Assigned task: Repeat all of the records word for word, but skip any picture.

────

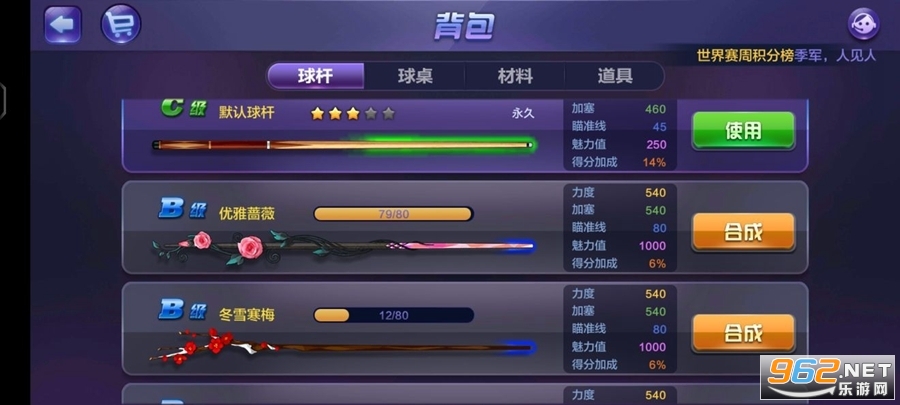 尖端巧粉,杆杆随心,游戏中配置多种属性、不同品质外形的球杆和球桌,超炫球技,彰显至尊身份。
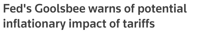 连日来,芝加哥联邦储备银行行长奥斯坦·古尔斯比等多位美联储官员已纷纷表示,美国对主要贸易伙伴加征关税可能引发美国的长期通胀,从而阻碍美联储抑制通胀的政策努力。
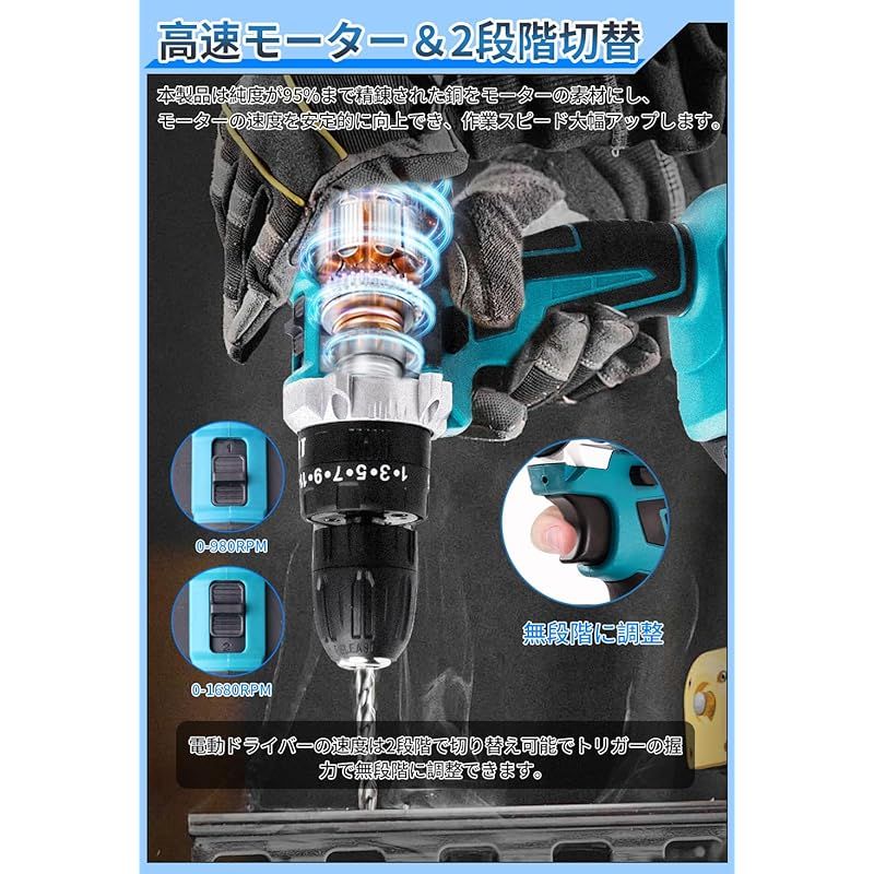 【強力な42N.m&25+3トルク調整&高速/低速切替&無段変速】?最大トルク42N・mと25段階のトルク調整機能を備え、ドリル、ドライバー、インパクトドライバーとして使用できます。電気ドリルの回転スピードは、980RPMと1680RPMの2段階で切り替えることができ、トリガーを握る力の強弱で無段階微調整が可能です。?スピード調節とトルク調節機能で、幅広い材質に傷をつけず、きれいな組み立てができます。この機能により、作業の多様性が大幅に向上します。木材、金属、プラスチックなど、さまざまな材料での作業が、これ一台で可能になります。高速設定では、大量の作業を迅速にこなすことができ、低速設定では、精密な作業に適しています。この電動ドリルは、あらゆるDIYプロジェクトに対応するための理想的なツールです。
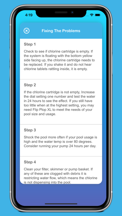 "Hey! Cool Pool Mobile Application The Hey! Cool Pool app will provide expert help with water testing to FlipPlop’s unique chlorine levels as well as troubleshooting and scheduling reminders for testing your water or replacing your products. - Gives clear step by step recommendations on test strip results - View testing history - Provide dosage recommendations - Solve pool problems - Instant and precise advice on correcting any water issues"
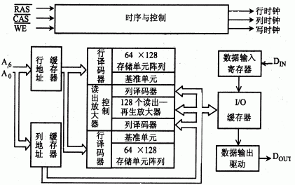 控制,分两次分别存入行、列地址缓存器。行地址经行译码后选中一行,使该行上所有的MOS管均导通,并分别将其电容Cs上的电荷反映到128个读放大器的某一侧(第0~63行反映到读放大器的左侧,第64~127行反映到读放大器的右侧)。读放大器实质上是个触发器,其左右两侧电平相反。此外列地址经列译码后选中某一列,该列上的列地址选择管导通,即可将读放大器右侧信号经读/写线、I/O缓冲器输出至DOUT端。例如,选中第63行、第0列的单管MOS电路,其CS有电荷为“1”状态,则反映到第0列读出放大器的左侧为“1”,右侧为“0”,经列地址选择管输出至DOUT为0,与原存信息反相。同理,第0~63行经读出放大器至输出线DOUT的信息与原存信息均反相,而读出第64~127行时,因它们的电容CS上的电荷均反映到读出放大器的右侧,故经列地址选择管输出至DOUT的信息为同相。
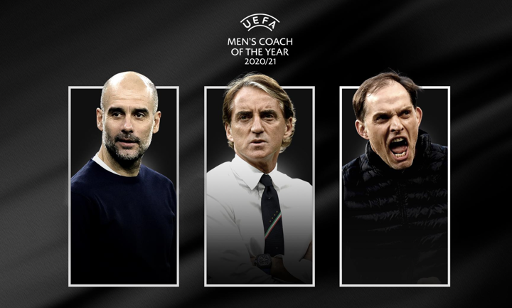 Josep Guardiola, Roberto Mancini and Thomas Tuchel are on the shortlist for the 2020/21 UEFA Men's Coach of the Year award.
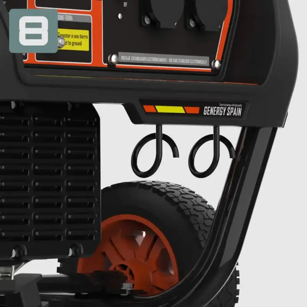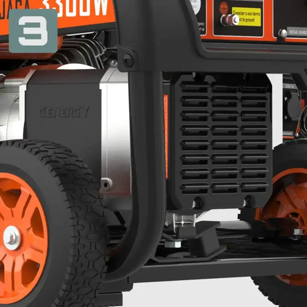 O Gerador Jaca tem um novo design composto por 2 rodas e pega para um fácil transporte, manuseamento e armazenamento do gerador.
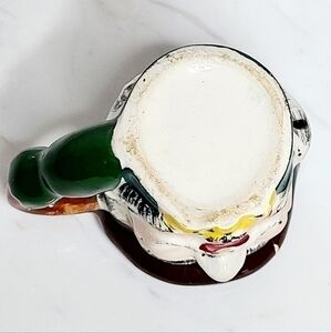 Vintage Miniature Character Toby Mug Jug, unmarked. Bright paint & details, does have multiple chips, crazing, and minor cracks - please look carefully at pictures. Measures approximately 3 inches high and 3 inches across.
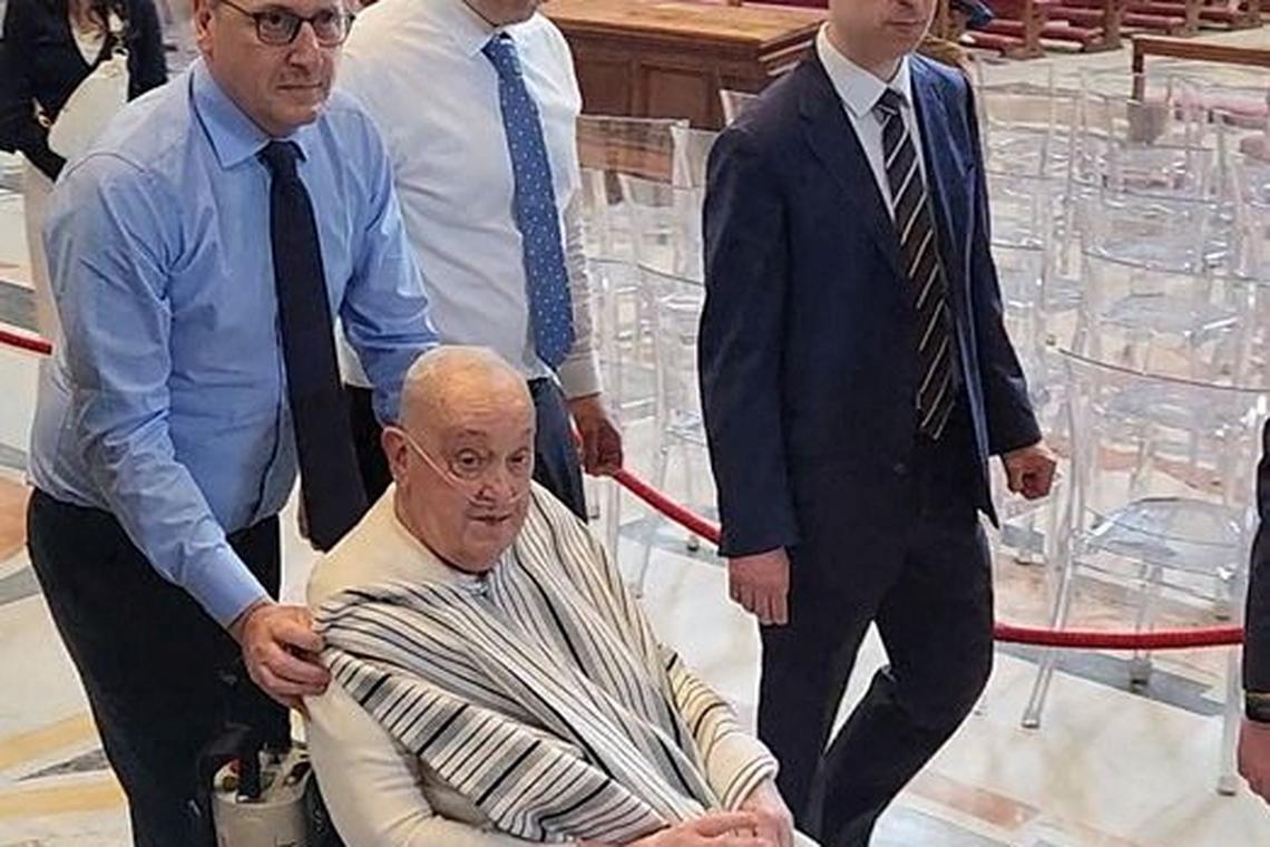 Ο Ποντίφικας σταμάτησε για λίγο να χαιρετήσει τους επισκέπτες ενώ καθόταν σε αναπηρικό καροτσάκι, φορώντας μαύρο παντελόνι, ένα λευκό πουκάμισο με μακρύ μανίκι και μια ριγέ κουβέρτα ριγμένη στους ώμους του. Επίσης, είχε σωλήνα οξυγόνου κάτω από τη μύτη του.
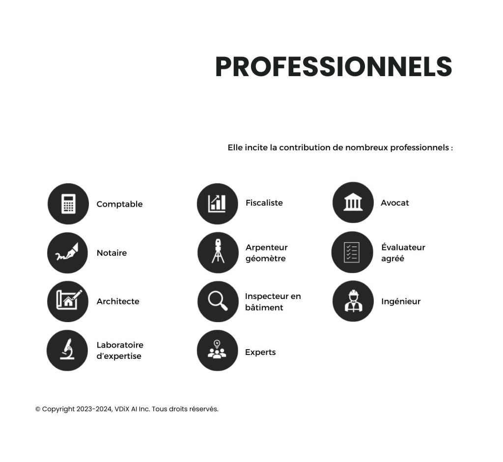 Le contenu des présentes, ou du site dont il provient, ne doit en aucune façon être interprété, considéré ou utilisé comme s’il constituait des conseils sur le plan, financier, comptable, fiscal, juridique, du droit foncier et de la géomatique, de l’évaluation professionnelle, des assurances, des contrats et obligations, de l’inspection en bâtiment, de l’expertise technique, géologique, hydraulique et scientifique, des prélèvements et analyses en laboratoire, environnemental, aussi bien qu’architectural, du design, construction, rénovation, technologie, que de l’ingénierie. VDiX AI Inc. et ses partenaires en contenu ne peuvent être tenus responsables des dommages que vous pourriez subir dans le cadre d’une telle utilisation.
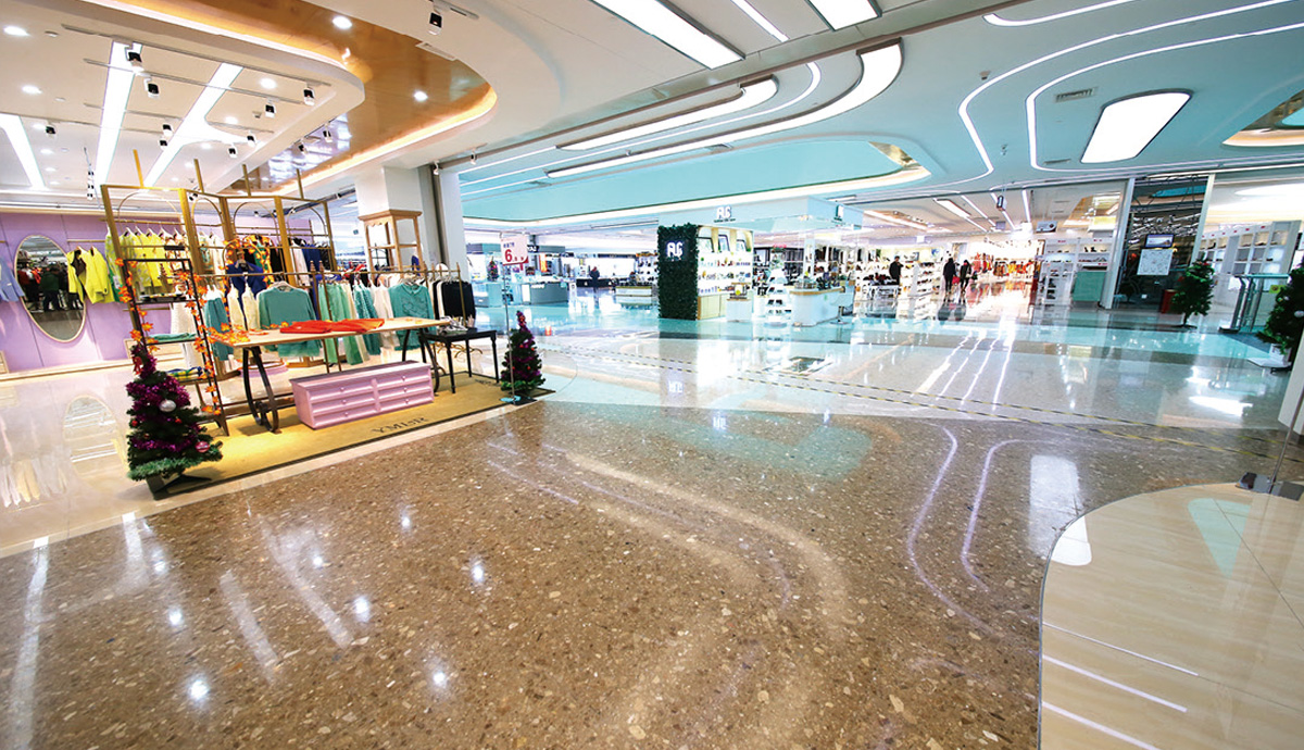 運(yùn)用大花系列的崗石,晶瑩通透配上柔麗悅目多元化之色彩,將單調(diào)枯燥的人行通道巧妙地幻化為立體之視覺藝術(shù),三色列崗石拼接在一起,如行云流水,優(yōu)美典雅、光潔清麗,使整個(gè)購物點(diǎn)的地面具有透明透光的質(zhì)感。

────

Task response:
 尖端巧粉,杆杆随心,游戏中配置多种属性、不同品质外形的球杆和球桌,超炫球技,彰显至尊身份。
 连日来,芝加哥联邦储备银行行长奥斯坦·古尔斯比等多位美联储官员已纷纷表示,美国对主要贸易伙伴加征关税可能引发美国的长期通胀,从而阻碍美联储抑制通胀的政策努力。
 【強力な42N.m&25+3トルク調整&高速/低速切替&無段変速】?最大トルク42N・mと25段階のトルク調整機能を備え、ドリル、ドライバー、インパクトドライバーとして使用できます。電気ドリルの回転スピードは、980RPMと1680RPMの2段階で切り替えることができ、トリガーを握る力の強弱で無段階微調整が可能です。?スピード調節とトルク調節機能で、幅広い材質に傷をつけず、きれいな組み立てができます。この機能により、作業の多様性が大幅に向上します。木材、金属、プラスチックなど、さまざまな材料での作業が、これ一台で可能になります。高速設定では、大量の作業を迅速にこなすことができ、低速設定では、精密な作業に適しています。この電動ドリルは、あらゆるDIYプロジェクトに対応するための理想的なツールです。
 "Hey! Cool Pool Mobile Application The Hey! Cool Pool app will provide expert help with water testing to FlipPlop’s unique chlorine levels as well as troubleshooting and scheduling reminders for testing your water or replacing your products. - Gives clear step by step recommendations on test strip results - View testing history - Provide dosage recommendations - Solve pool problems - Instant and precise advice on correcting any water issues"
 控制,分两次分别存入行、列地址缓存器。行地址经行译码后选中一行,使该行上所有的MOS管均导通,并分别将其电容Cs上的电荷反映到128个读放大器的某一侧(第0~63行反映到读放大器的左侧,第64~127行反映到读放大器的右侧)。读放大器实质上是个触发器,其左右两侧电平相反。此外列地址经列译码后选中某一列,该列上的列地址选择管导通,即可将读放大器右侧信号经读/写线、I/O缓冲器输出至DOUT端。例如,选中第63行、第0列的单管MOS电路,其CS有电荷为“1”状态,则反映到第0列读出放大器的左侧为“1”,右侧为“0”,经列地址选择管输出至DOUT为0,与原存信息反相。同理,第0~63行经读出放大器至输出线DOUT的信息与原存信息均反相,而读出第64~127行时,因它们的电容CS上的电荷均反映到读出放大器的右侧,故经列地址选择管输出至DOUT的信息为同相。
 Josep Guardiola, Roberto Mancini and Thomas Tuchel are on the shortlist for the 2020/21 UEFA Men's Coach of the Year award.
 O Gerador Jaca tem um novo design composto por 2 rodas e pega para um fácil transporte, manuseamento e armazenamento do gerador.
 Vintage Miniature Character Toby Mug Jug, unmarked. Bright paint & details, does have multiple chips, crazing, and minor cracks - please look carefully at pictures. Measures approximately 3 inches high and 3 inches across.
 Ο Ποντίφικας σταμάτησε για λίγο να χαιρετήσει τους επισκέπτες ενώ καθόταν σε αναπηρικό καροτσάκι, φορώντας μαύρο παντελόνι, ένα λευκό πουκάμισο με μακρύ μανίκι και μια ριγέ κουβέρτα ριγμένη στους ώμους του. Επίσης, είχε σωλήνα οξυγόνου κάτω από τη μύτη του.
 Le contenu des présentes, ou du site dont il provient, ne doit en aucune façon être interprété, considéré ou utilisé comme s’il constituait des conseils sur le plan, financier, comptable, fiscal, juridique, du droit foncier et de la géomatique, de l’évaluation professionnelle, des assurances, des contrats et obligations, de l’inspection en bâtiment, de l’expertise technique, géologique, hydraulique et scientifique, des prélèvements et analyses en laboratoire, environnemental, aussi bien qu’architectural, du design, construction, rénovation, technologie, que de l’ingénierie. VDiX AI Inc. et ses partenaires en contenu ne peuvent être tenus responsables des dommages que vous pourriez subir dans le cadre d’une telle utilisation.
 運(yùn)用大花系列的崗石,晶瑩通透配上柔麗悅目多元化之色彩,將單調(diào)枯燥的人行通道巧妙地幻化為立體之視覺藝術(shù),三色列崗石拼接在一起,如行云流水,優(yōu)美典雅、光潔清麗,使整個(gè)購物點(diǎn)的地面具有透明透光的質(zhì)感。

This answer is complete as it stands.